- Timanpur Location in Uttar Pradesh, India
- Coordinates: 27°27′29″N 78°53′57″E﻿ / ﻿27.45816°N 78.89917°E
- Country: India
- State: Uttar Pradesh
- District: Mainpuri
- Tehsil: Mainpuri

Area
- • Total: 4.492 km^{2} (1.734 sq mi)

Population (2011)
- • Total: 3,948
- • Density: 878.9/km^{2} (2,276/sq mi)
- Time zone: UTC+5:30 (IST)

= Timanpur =

Village in Uttar Pradesh, India

Timanpur is a village in Kuraoli block of Mainpuri district, Uttar Pradesh. As of 2011, it had a population of 3,948, in 676 households.

== Demographics ==
As of 2011, Timanpur had a population of 3,948, in 676 households. This population was 53.2% male (2,101) and 46.8% female (1,847). The 0-6 age group numbered 745 (388 male and 357 female), or 18.9% of the total population. 386 residents were members of Scheduled Castes, or 9.8% of the total.

The 1981 census recorded Timanpur as having a population of 2,143 people, in 429 households.

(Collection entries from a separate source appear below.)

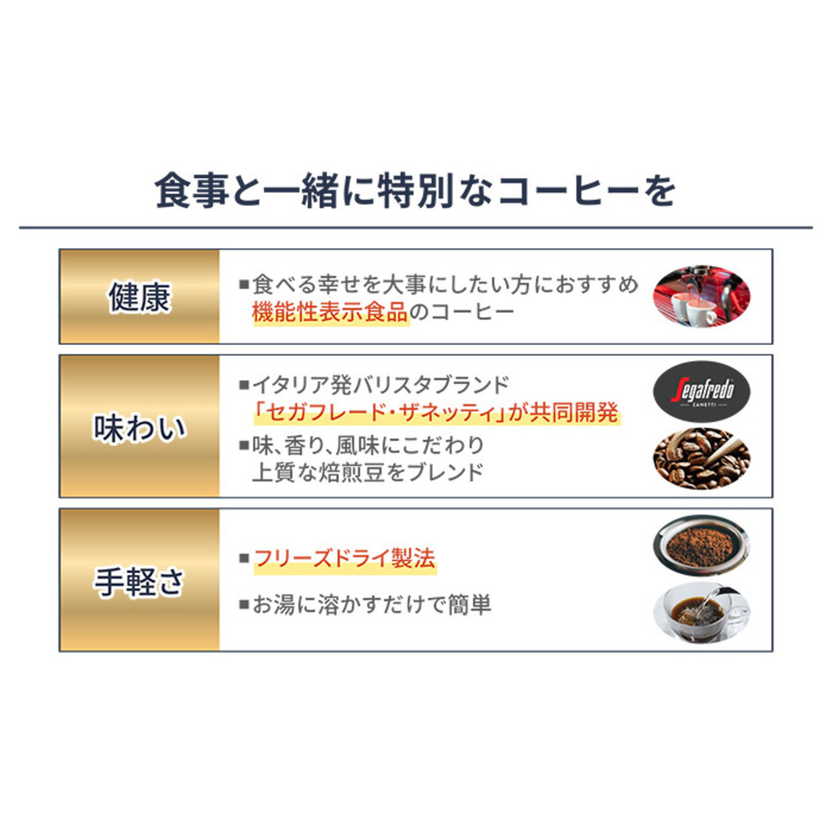 セガフレード・ザネッティ・ジャパン株式会社が厳選したコーヒーに、植物油脂/乳化剤(大豆由来)と機能性関与成分イソマルトデキストリン(食物繊維)を配合し、独自製法で製造しています(*1)。豊かでコクのある口当たりにフルーティーで華やかな酸味と香りが特徴。フリーズドライ製法により挽きたてのような味わいが楽しめます(*2)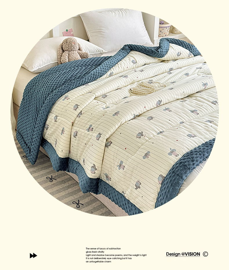(总)宜梦家居【需要买家秀请联系老板】 2025新款双面纯棉夹层新疆棉花高温砂洗全棉床盖,爱达拉蓝,爱达拉粉,呆萌熊咖,迪克奥莱,美味樱桃,清茶小熊,踏春小兔,甜蜜小兔,仙草兔,银杉之梦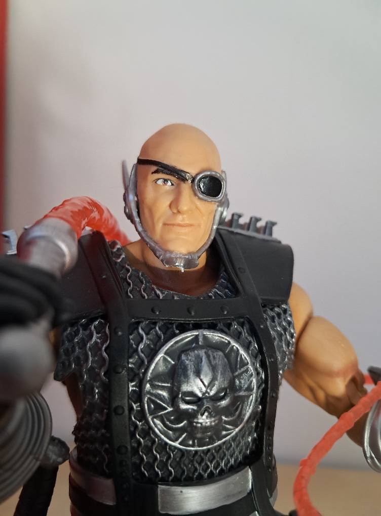 La testa è quella dell’attore che interpretava il personaggio e sembra abbastanza fedele. Attore che poi non era davvero un attore, ma il maestro d’armi della troupe, a cui poi è stata data anche una parte. E un po’ si vede: diciamo che non ha esattamente la faccia da attore d’azione e l’espressione col solito sorriso mezzo abbozzato datogli nella figure non aiuta.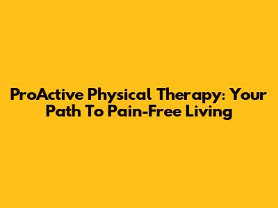 ProActive Physical Therapy: Your Path To Pain-Free Living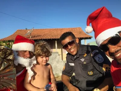 Policiais do Destacamento de Policiamento Ostensivo (DPO) do Farol do São Thomé, distribuíram presentes de Natal para as crianças da localidade. As fotos e vídeos estão circulando nas redes sociais nesta terça-feira (26). A festa contou até com a presença do Papai Noel.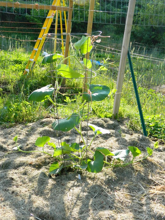 129 McWilliams long gourd. I'm going to try training s couple secondary vines along the ground to see if I can get them to root out. The gourd bed is well mulched with grass clippings. I have to add to it through the season as it deteriorates. The bagger on my John Deere riding mower makes that chore easy.

The 1961 census recorded Timanpur as comprising 3 hamlets, with a total population of 1,674 people (899 male and 775 female), in 320 households and 291 physical houses. The area of the village was given as 1,113 acres.

== Infrastructure ==
As of 2011, Timanpur had 1 primary school; it did not have any healthcare facilities. Drinking water was provided by well and hand pump; there were no public toilets. The village had a post office but no public library; there was at least some access to electricity for all purposes. Streets were made of both kachcha and pakka materials.